____ Exercise data

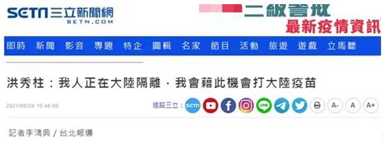 报道最后提到,洪秀柱表示,有些朋友关心她会不会在大陆接种疫苗,“当然,我会借此机会在大陆接种通过WHO认证的疫苗,我对大陆的疫苗质量也有信心。希望台湾的疫情能够尽快获得有效的控制,也祝福大家健康、平安”。
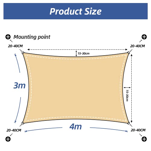 【Nota sulle dimensioni】 Poiché la forma della vela ombreggiante non è un rettangolo standard, la dimensione del prodotto (ad esempio, 3x4m/2x3m) si riferisce alla lunghezza laterale della vela ombreggiante piuttosto che alle dimensioni dell'area di pratica. Il pacchetto include: 1 * vela ombreggiante, 4 * clip, 4 * corde (ciascuna 1,35 m) e 1 * custodia.***Ci sono alcuni pezzi di filo durante la cucitura, che è un fenomeno normale dovuto alla
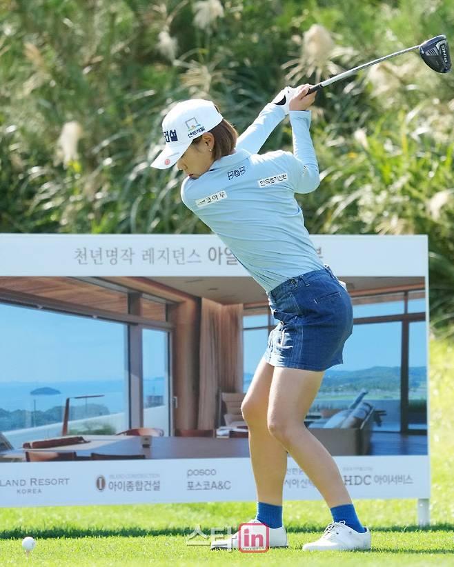 [이데일리 골프in(안산)=조원범 기자]24일 경기도 안산시 대부도에 위치한 아일랜드CC(파72.6613야드)에서 '엘크루-TV조선 프로 셀러브리티 2021'(총상금6억원,우승상금1억8백만원)1라운드가 열렸다.박주영이 1번홀에서 경기를 하고 있다.
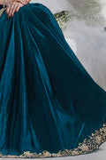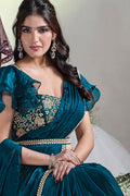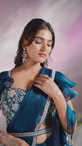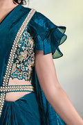 Teal Moti Work Satin Silk Ready to Wear Saree
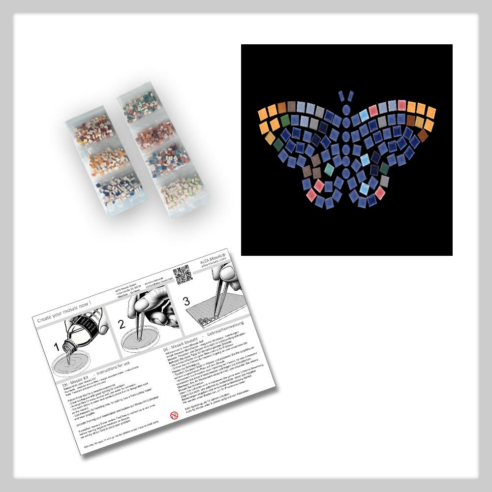 CONTENTS: Over 100 mini ceramic mosaic tiles - 20x15 cm wooden base with 1:1 printed pattern - step-by-step instructions
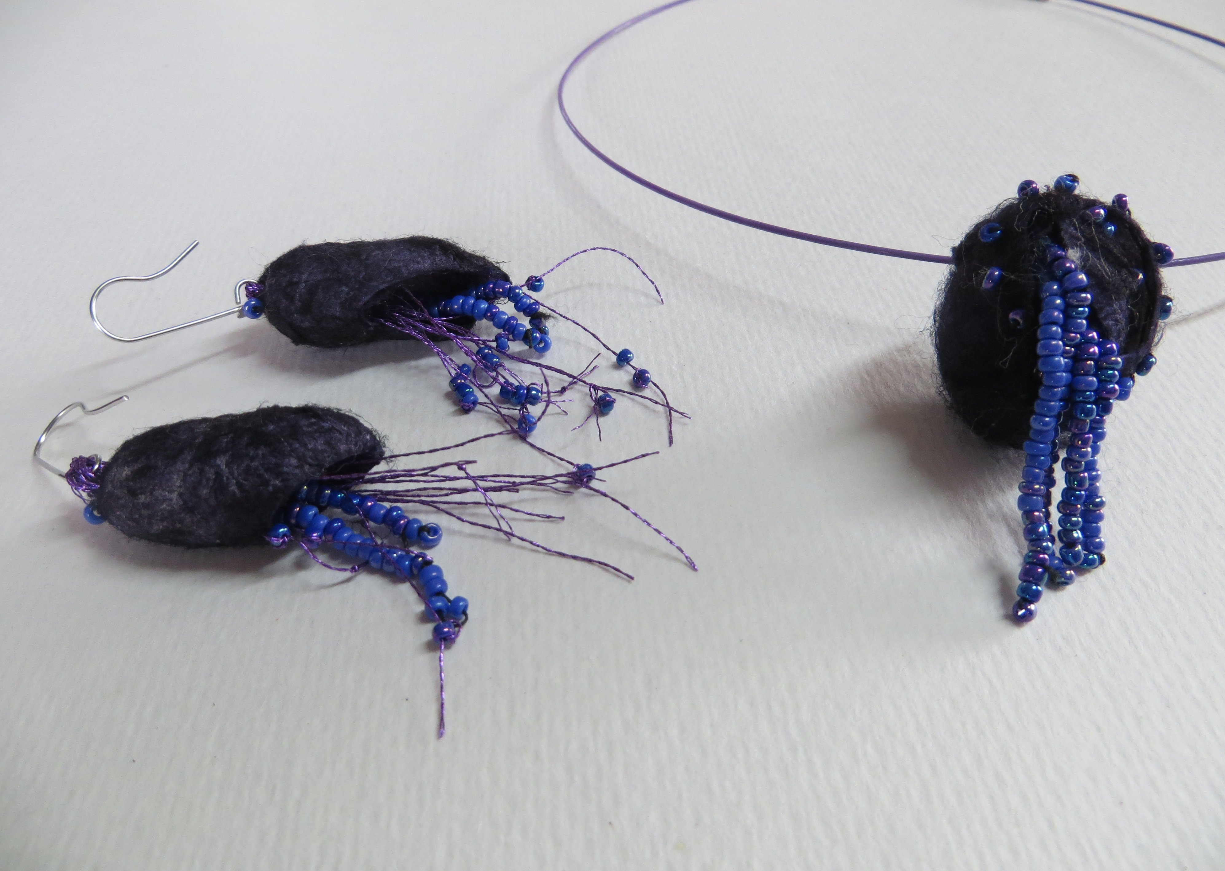 Silk cocoon necklace and earrings

________

_Your objective_.
Write out again only the lines from the line that contains "Teal Moti Work" through the last line of the records, both ends included, without any of the pictures.

_Solution to the exercise_.
 Teal Moti Work Satin Silk Ready to Wear Saree
 CONTENTS: Over 100 mini ceramic mosaic tiles - 20x15 cm wooden base with 1:1 printed pattern - step-by-step instructions
 Silk cocoon necklace and earrings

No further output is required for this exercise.